Eu o encarei, pensando na questão pela primeira vez.

- Bom, porque não havia muitas outras disponíveis para uma garota por lá - encolhi os ombros. - E porque assim eu poderia ficar perto de livros.

- Você gosta tanto assim de ler? - ele adivinhou-perguntou. Confirmei com a cabeça, e Pavel questionou - E já consegue ler em russo?

- Não coisas muito complicadas, mas panfletos, poemas, obras mais simples eu leio bem - afirmei.

- Tenho que te emprestar uns livros - ele ofereceu, com um sorriso contido, que se alargou, provavelmente por ver meus olhos brilharem.

- E logo, porque não sei quanto tempo vou ficar em Leningrado - pedi.

- Já vamos descobrir isso - afirmou o rapaz, apontando para uma edificação logo em frente, na qual funcionava a sede da União da Juventude Comunista. Uma placa de madeira precária com a sigla "Komsomol" pintada em vermelho indicava que o prédio fora apenas adaptado para hospedar a organização.
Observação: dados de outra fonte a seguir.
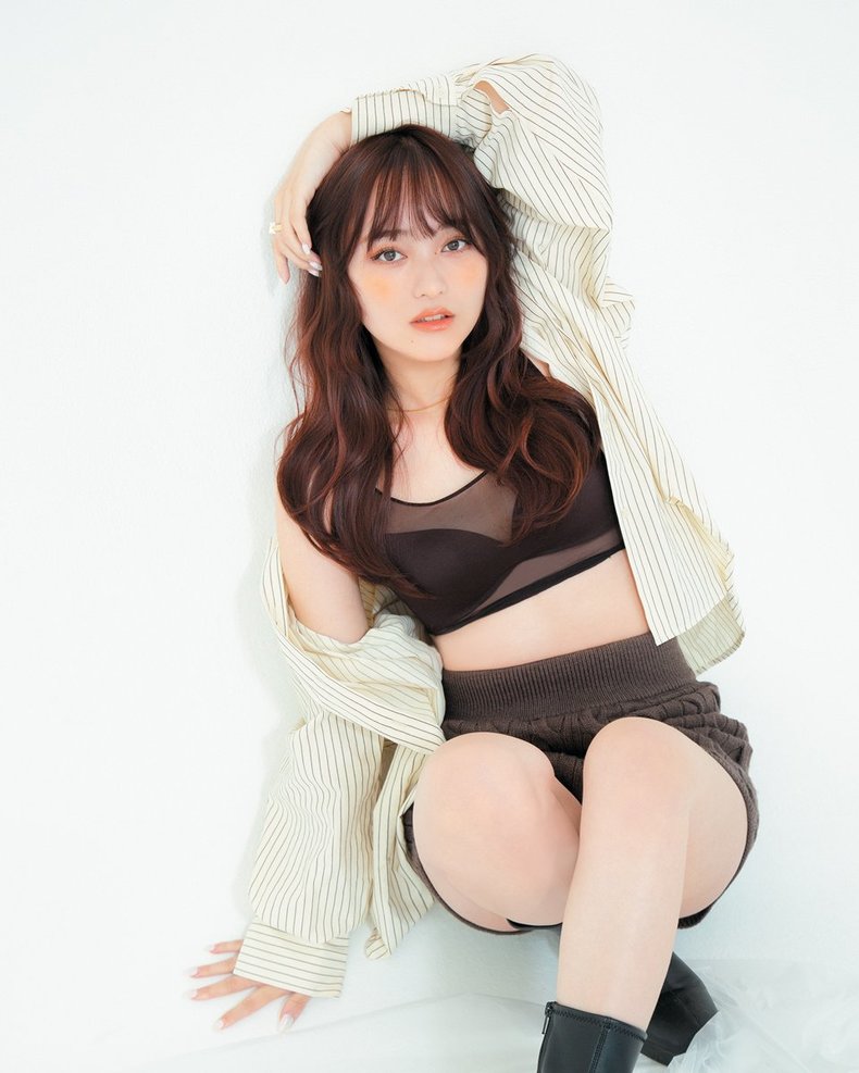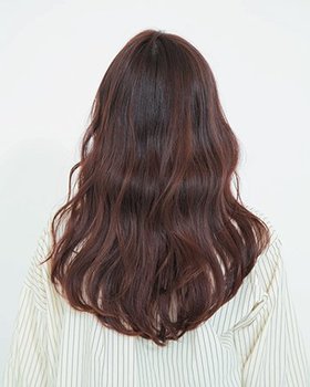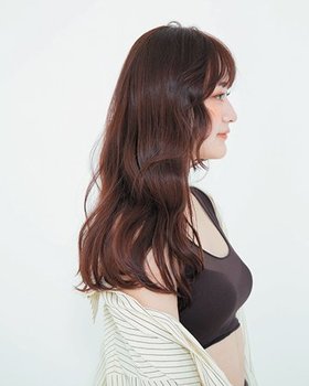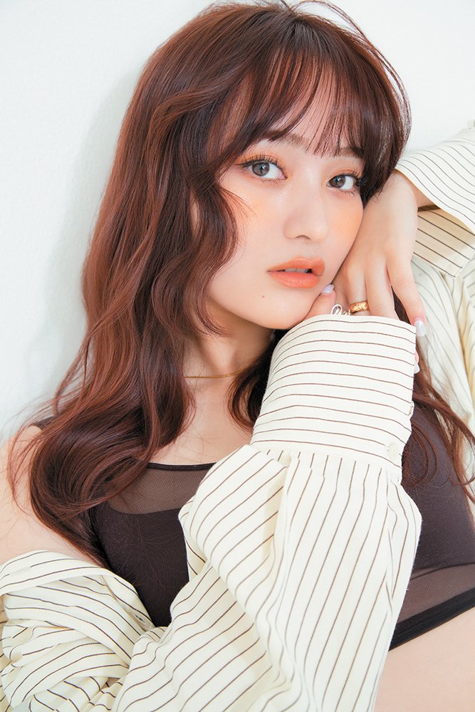 天真爛漫なイメージから一転、顔まわりの見え方にこだわったデザイン感のあるカットラインで、ドキッとしちゃうような大人びた表情に。全体にレイヤーをしっかり入れて動きを出し、顔まわりのサイドにプツッとした姫カットをオン。アイロンでゆるんとしたアンニュイウエーブに仕上げを。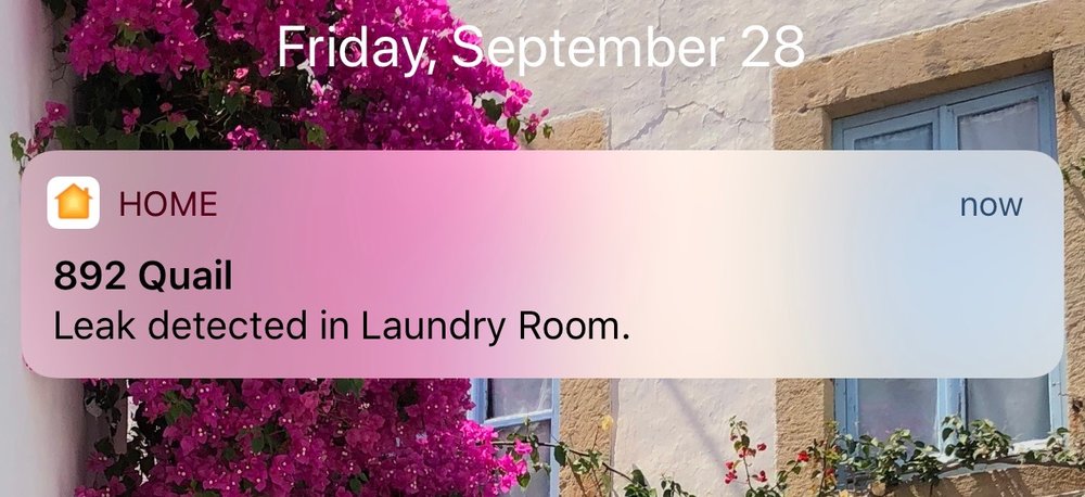 To test the Flood Sensor, I placed it into a sink and turned on the water. As I expected, the sensor immediately started beeping and flashing a red LED, and a notification appeared on my Macs (running Mojave), iPhone and Apple Watch telling me that a leak had been detected in my laundry room: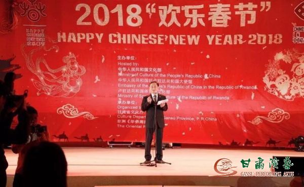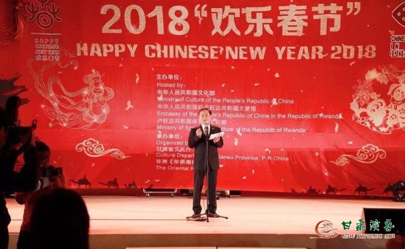 由中國(guó)文化部、中國(guó)駐盧旺達(dá)大使館、盧旺達(dá)體育與文化部共同主辦,甘肅省文化廳、非洲《華僑周報(bào)》承辦,甘肅省隴劇院演出的2018年“歡樂(lè)春節(jié)”《絲路情韻》文藝演出活動(dòng)于2018年2月9日盧旺達(dá)當(dāng)?shù)貢r(shí)間19點(diǎn)30分至21點(diǎn)在基加利會(huì)展中心舉行。整臺(tái)節(jié)目將中國(guó)戲曲與歌、舞、樂(lè)融為一體,中國(guó)文化元素凸顯,甘肅地域特色突出,既承載了華夏文明的古典情韻,又展示出現(xiàn)代中國(guó)的時(shí)尚潮流。節(jié)目?jī)?nèi)容涵括中國(guó)戲曲、少數(shù)民族特色歌舞、民族器樂(lè)、雜技技藝等。值此中國(guó)新春佳節(jié)之際,向非洲友人和海外同胞致以最真摯的祝福。觀看演出的主要領(lǐng)導(dǎo)有:中國(guó)駐盧旺達(dá)大使館饒宏偉大使、盧旺達(dá)文體部部長(zhǎng)朱利安娜·烏瓦庫(kù)(Julienne UWACU)。盧政府、政黨、議會(huì)、軍隊(duì)、工商、學(xué)術(shù)、新聞等各界,及駐盧使團(tuán)、中資機(jī)構(gòu)及華僑華人代表2000余人應(yīng)邀出席。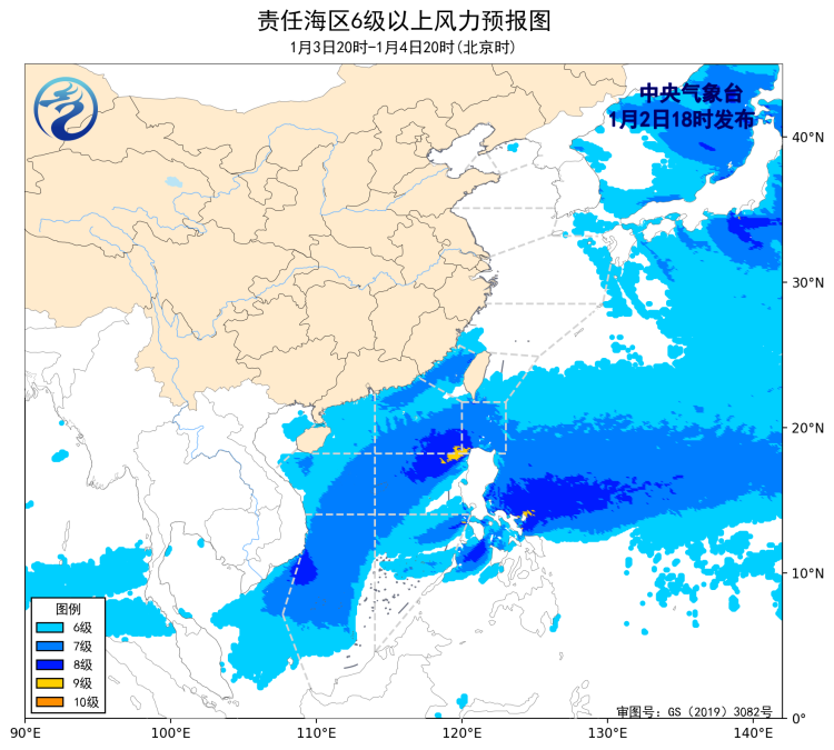 3日20时至4日20时,台湾海峡、台湾以东洋面、巴士海峡、南海大部海域将有6~8级、阵风9级的大风,其中南海东北部和中东部、巴士海峡部分海域风力可达9级、阵风10级。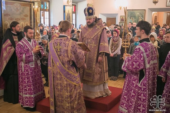 В тот же день архиепископ Роман возглавил в Преображенском соборе чин Торжества Православия и молебен по случаю 25-летия восстановления Якутской епархии.

O edifício de quatro andares e amplas janelas tinha toda a cara de pré-revolucionário e não combinava muito com a decoração sóbria do interior, as cadeiras de madeira dura, e nem com a cara das moças e moços atarefados que circulavam por ali, todos ostentando seus broches e lenços vermelhos, e ignorando completamente a nossa existência. Olhando para todo o lado e captando os resquícios imperiais na arquitetura, não pude impedir minha imaginação de divagar para tempos mais antigos e vislumbrar os fantasmas de príncipes e condessas em vestes opulentas, tagarelando em francês sobre os últimos espetáculos da moda, sobre os casos amorosos da Princesa N., ou o que quer que povoava suas vidas vazias. Pareciam mais alegres, mas bem menos úteis que meus companheiros compenetrados que se esbarravam por ali agora.
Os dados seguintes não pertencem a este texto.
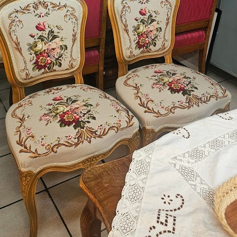 Rokokostolar med tillhörande pall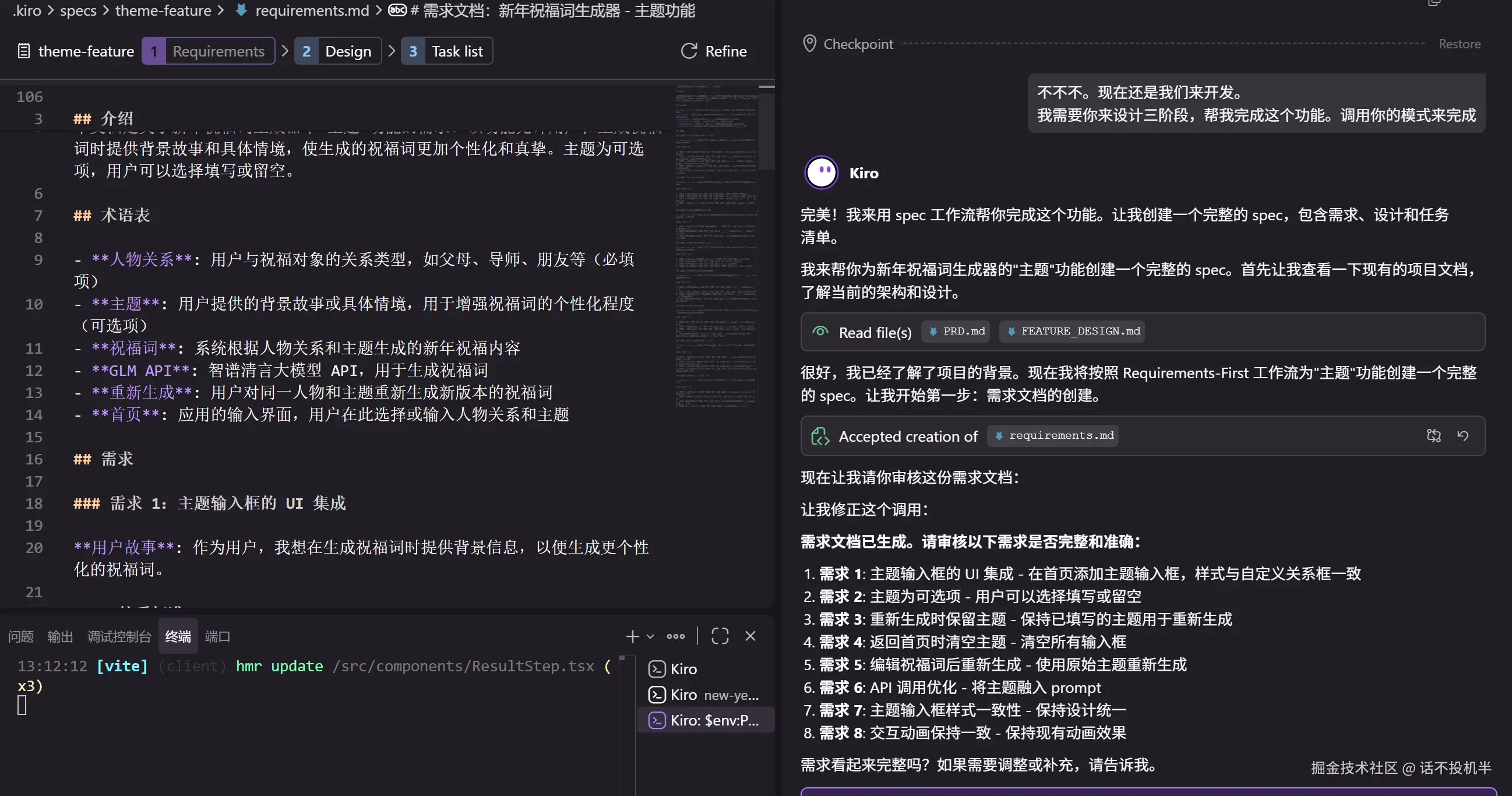 除了继承 Vibe 模式成果,Spec 模式也支持直接导入 PRD启动开发。在本节,我们首先使用上一节开发的网站,用kiro生成相应的PRD。随后复制给spac coding直接开发。后续流程同继承式开发。

Uma nova voz grave interrompeu minhas divagações e apagou os quadros mentais que eu comparava. Também era tranquila, mas continha uma nota mais cheia de si, ausente na voz de Pavel. Eu voltei os olhos para o dono da voz.

Um homem alto, talvez mais alto que Pavel, estava de pé atrás de uma escrivaninha. Ele era bem maior, porém, forte, cujo trabalho burocrático tinha tornado até gordinho. Os cabelos eram escuros, mas os olhos espertos, cinzentos como os de meu novo amigo. Um início de rugas os cercava. Devia ter uns trinta e poucos anos. Só então eu reparei que tínhamos cruzado um par de enormes portas, adentrando um gabinete privado, ocupado por esse homem que nos dirigia a palavra e uma secretária, loura, bonita e discreta, cuja mesa estava de lado para nós, perto da janela.